Two influential rights advocacy groups have been called on to by the European Court of Human Rights to submit briefs supporting a suit by 61 Russian non-profits over the Kremlin’s withering foreign agent law for NGOs that operate on even small sums of international funding.
Two influential rights advocacy groups have been called on to by the European Court of Human Rights to submit briefs supporting a suit by 61 Russian non-profits over the Kremlin’s withering foreign agent law for NGOs that operate on even small sums of international funding.
The briefs could be influential in swaying the court to demand Russia change the 2012 law, which is widely seen as a naked attempt to stifle dissent, or at least impose damages for the non-profits the Kremlin has targeted.
The court will be taking briefs from Michel Forst, the United Nations Special Rapporteur on the situation of human rights defenders, and the Institute of Law and Public Policy, a Moscow-based legal non-profit staffed in part by former Russian Constitutional Court judges and human rights court litigators.
By taking the case in March, the court agreed that a number of things about the 2012 law need to be clarified by the Justice Ministry, which enforces it by keeping a blacklist of foreign financed non-profits it says are engaged in fluidly defined “political activity.”
The office of a Russian NGO defaces with the words "foreign agent."
Credit: Memorial
Landing on the list is crippling: When the law was only three years old, it had shut down more than a third of Russia’s non-profits. The list swells as new foreign agents are added, and contracts as many non-profits go out of business, deciding that battling their inclusion on the list in court is too expensive.
Among the non-profits that elected to dissolve are Bellona Murmansk, which landed on the blacklist in 2015, followed by the Environmental Rights Center Bellona in January.
Those that have held on took matters to the European Court of Human Rights to demand the Justice Ministry define the slippery terms by which it manages to choke NGOs out of existence.

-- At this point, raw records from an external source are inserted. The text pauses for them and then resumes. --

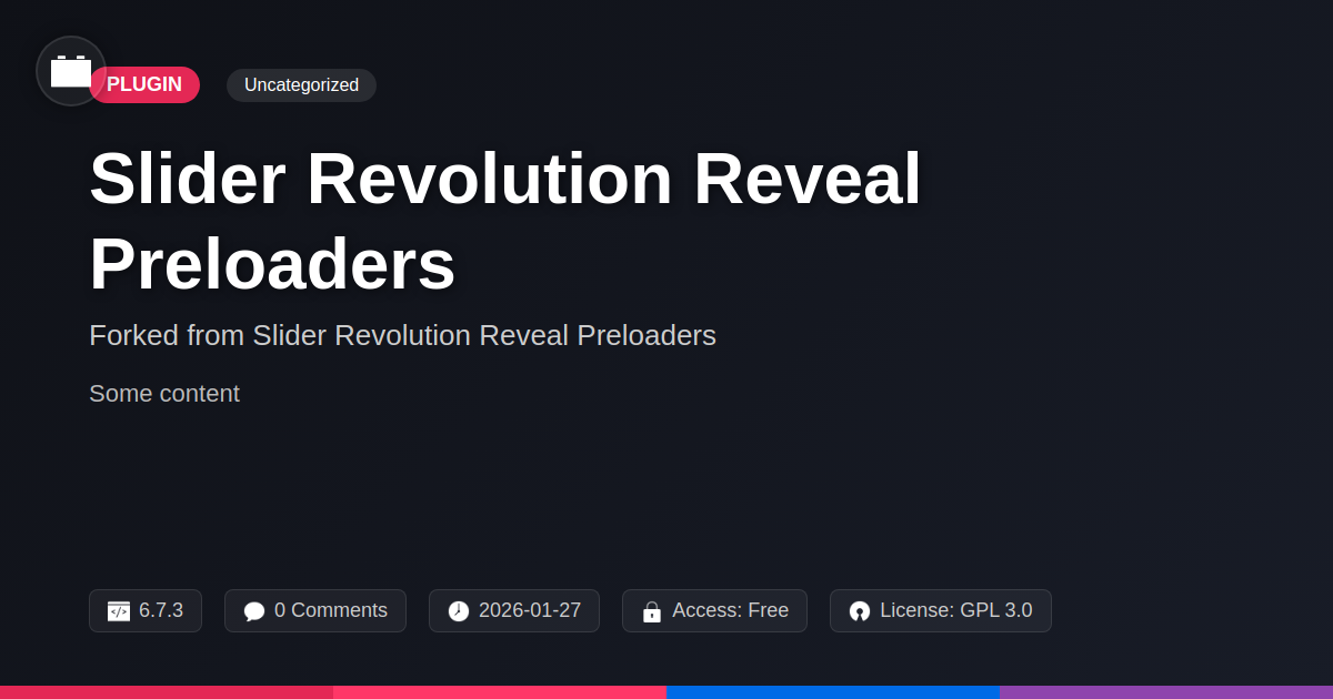 GrootMade is NOT affiliated with Slider Revolution Reveal Preloaders or its original author. Slider Revolution Reveal Preloaders™ is a trademark of its respective owner and use of it does not imply any endorsement or affiliation. This product has been forked under the GNU General Public License (GPL) and all non-GPL assets (such as proprietary images, fonts, and branding) have been removed. Distributing GPL-licensed code is 100% legal.
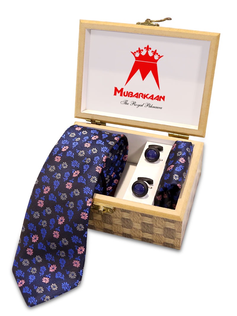 These stylish printed tie along with matching pocket square can be worn of wedding anniversary or can be given as gift to most loved one. It has a pair of solid round cufflinks. Comes in an attractive Wooden Box.
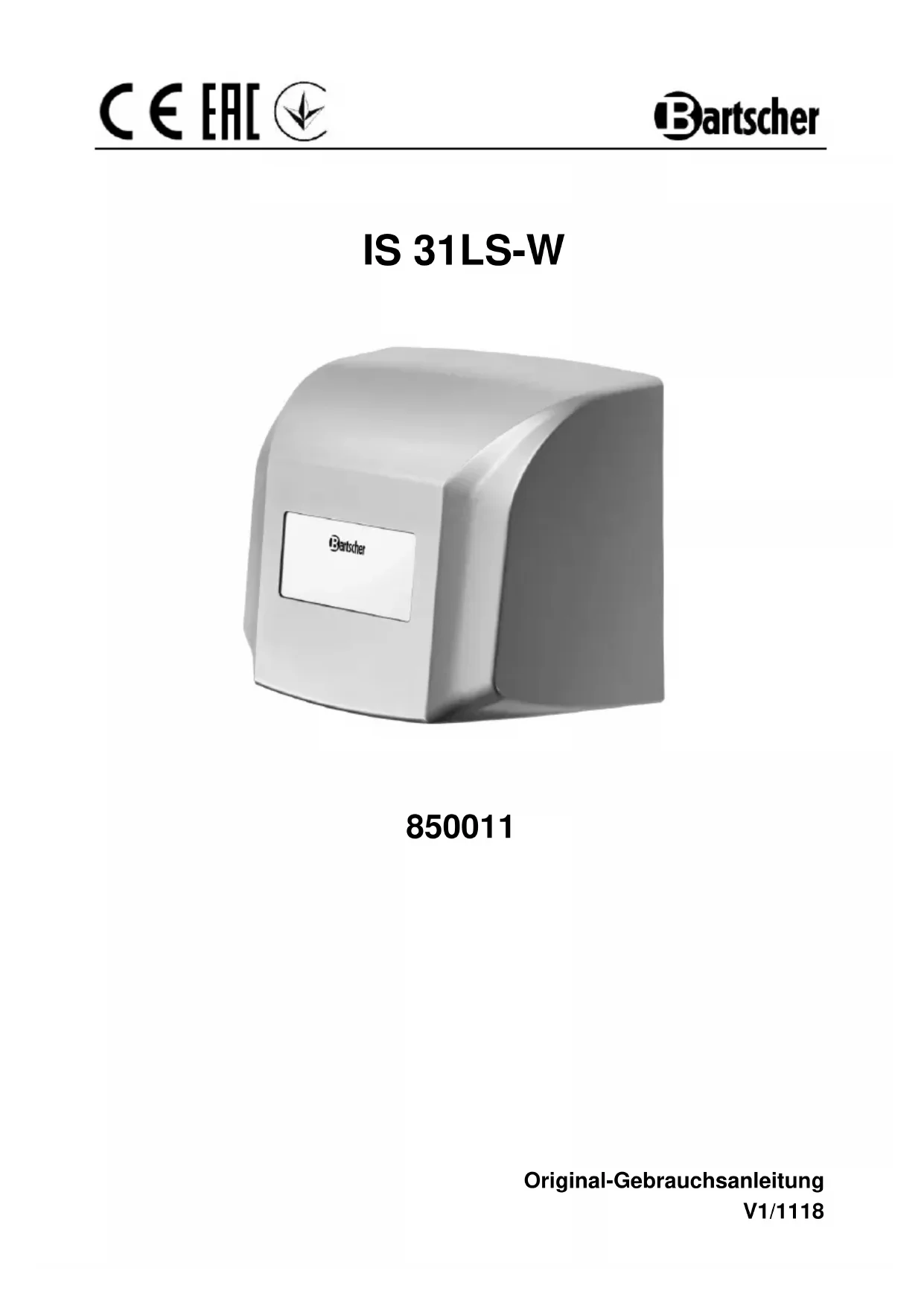 IS 31LSW - Sèche-main BARTSCHER - Notice d'utilisation et mode d'emploi gratuit

The Court agreed, and it has asked the Justice Ministry explain three things. First, it wants the Justice Ministry to determine whether its definitions of “foreign agent” and “political activity” are clear enough to be understood and enforced.
Then it wants to know how much money would constitute “foreign financing” to non-profits that receive it. Further, it wants Russia to detail how it conceived of the law in the first place – specifically whether it’s “necessary to a democratic society” – and if preventing political activity is such a good idea anyway.
Justice Minister Alexander Konovalov has said he will offer his responses by July 19.
Entering the fray is Olga Pododlenova, the Institute of Law and Public Policy’s senior jurist, who says she will be submitting a brief addressing two key issues that the court will have to consider when it reviews the suit from the Russian NGOs.
On the first issue, she wrote, she will present research on international legal standards on global non-profits’ rights to receive international funding. The second will provide a legal analysis on NGO operations within the European Union, and how what they have to deal with matches up with their Russian counterparts.
This isn’t the institute’s first foray into the hornet’s nest of the foreign agent law. The current suit before the Human Rights court was, in fact, precipitated by a brief filed by the institute to Russia’s Constitutional Court in 2014.
In that case, the institute slammed proponents of the law for continuing to publically push the notion that America imposes a similar law on its NGOs, and said the Justice Ministry was “pulling the wool over the court’s eyes.”
The institute added that Russia’s foreign agent law “ is far outside that which is considered necessary in democratic societies.”
Less clear is UN Special Rapporteur Forst’s contribution. He has yet to discuss his brief with the media, though he has ion the past filed other briefs to the court on behalf of Russian human rights activists.
The court’s deliberations could further be influenced the Venice Commission, a Council of Europe human rights advisory body, which found a Hungarian law that also targets foreign financed non-profits to be “incompatible with European standards.”
Russia, however, has a rocky relationship with the European Court of Human Rights, and has, since joining the Council of Europe in 1996, repeatedly challenged court rulings against it. In 2015, the Kremlin said it would ultimately be up to Russia’s Constitutional Court to decide whether Moscow honored the European Court’s decisions.
Vladimir Slivyak, chairman of Ecodefense, one of the 61 NGOs that filed suit with the court, said any decision by the court would likely be met with a flurry of appeals on the Russian side.
“In the worst case, Russia might not do anything,” he wrote when asked what he expected to come of the eventual court ruling. “So I hope they don’t do the worst.”